**** Data shown
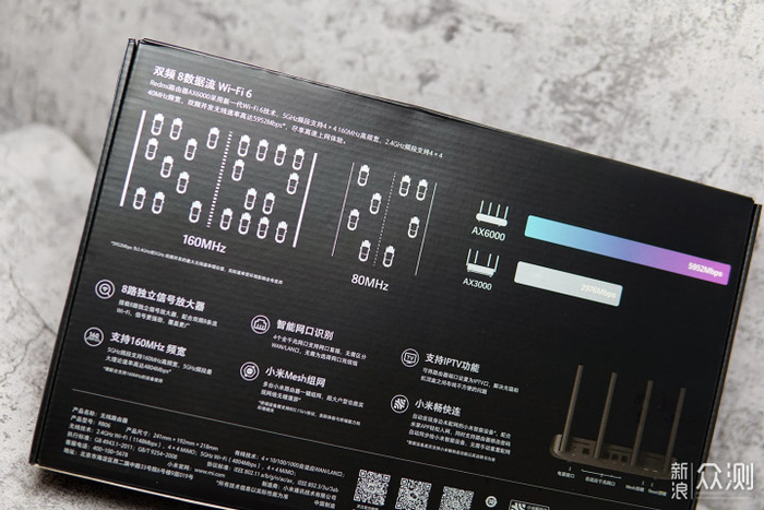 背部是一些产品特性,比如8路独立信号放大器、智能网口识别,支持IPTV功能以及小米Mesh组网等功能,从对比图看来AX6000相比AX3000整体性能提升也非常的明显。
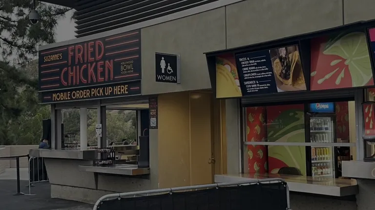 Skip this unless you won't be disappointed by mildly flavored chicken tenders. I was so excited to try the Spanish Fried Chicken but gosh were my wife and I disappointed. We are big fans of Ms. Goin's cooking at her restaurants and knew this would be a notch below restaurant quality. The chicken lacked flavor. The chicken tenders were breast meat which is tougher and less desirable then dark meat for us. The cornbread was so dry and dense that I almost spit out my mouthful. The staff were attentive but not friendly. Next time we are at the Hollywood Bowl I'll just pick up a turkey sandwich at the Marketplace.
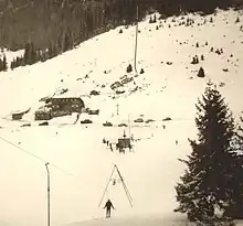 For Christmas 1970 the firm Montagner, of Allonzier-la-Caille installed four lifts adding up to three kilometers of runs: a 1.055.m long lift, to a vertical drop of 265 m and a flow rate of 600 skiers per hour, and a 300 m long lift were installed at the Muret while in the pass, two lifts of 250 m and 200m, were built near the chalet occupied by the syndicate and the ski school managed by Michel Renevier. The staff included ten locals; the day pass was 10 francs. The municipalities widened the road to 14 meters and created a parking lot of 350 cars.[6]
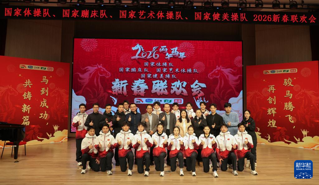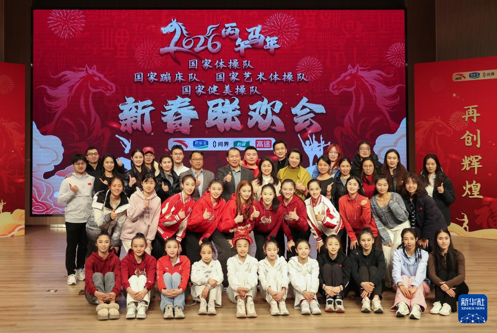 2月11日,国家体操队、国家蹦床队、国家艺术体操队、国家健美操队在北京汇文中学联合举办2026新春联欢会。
********
◆ Exercise: Each line from the one containing "Skip this unless" through the last line of the listing must be copied exactly, and the pictures must not be.

◆ Response to the exercise:
 Skip this unless you won't be disappointed by mildly flavored chicken tenders. I was so excited to try the Spanish Fried Chicken but gosh were my wife and I disappointed. We are big fans of Ms. Goin's cooking at her restaurants and knew this would be a notch below restaurant quality. The chicken lacked flavor. The chicken tenders were breast meat which is tougher and less desirable then dark meat for us. The cornbread was so dry and dense that I almost spit out my mouthful. The staff were attentive but not friendly. Next time we are at the Hollywood Bowl I'll just pick up a turkey sandwich at the Marketplace.
 For Christmas 1970 the firm Montagner, of Allonzier-la-Caille installed four lifts adding up to three kilometers of runs: a 1.055.m long lift, to a vertical drop of 265 m and a flow rate of 600 skiers per hour, and a 300 m long lift were installed at the Muret while in the pass, two lifts of 250 m and 200m, were built near the chalet occupied by the syndicate and the ski school managed by Michel Renevier. The staff included ten locals; the day pass was 10 francs. The municipalities widened the road to 14 meters and created a parking lot of 350 cars.[6]
 2月11日,国家体操队、国家蹦床队、国家艺术体操队、国家健美操队在北京汇文中学联合举办2026新春联欢会。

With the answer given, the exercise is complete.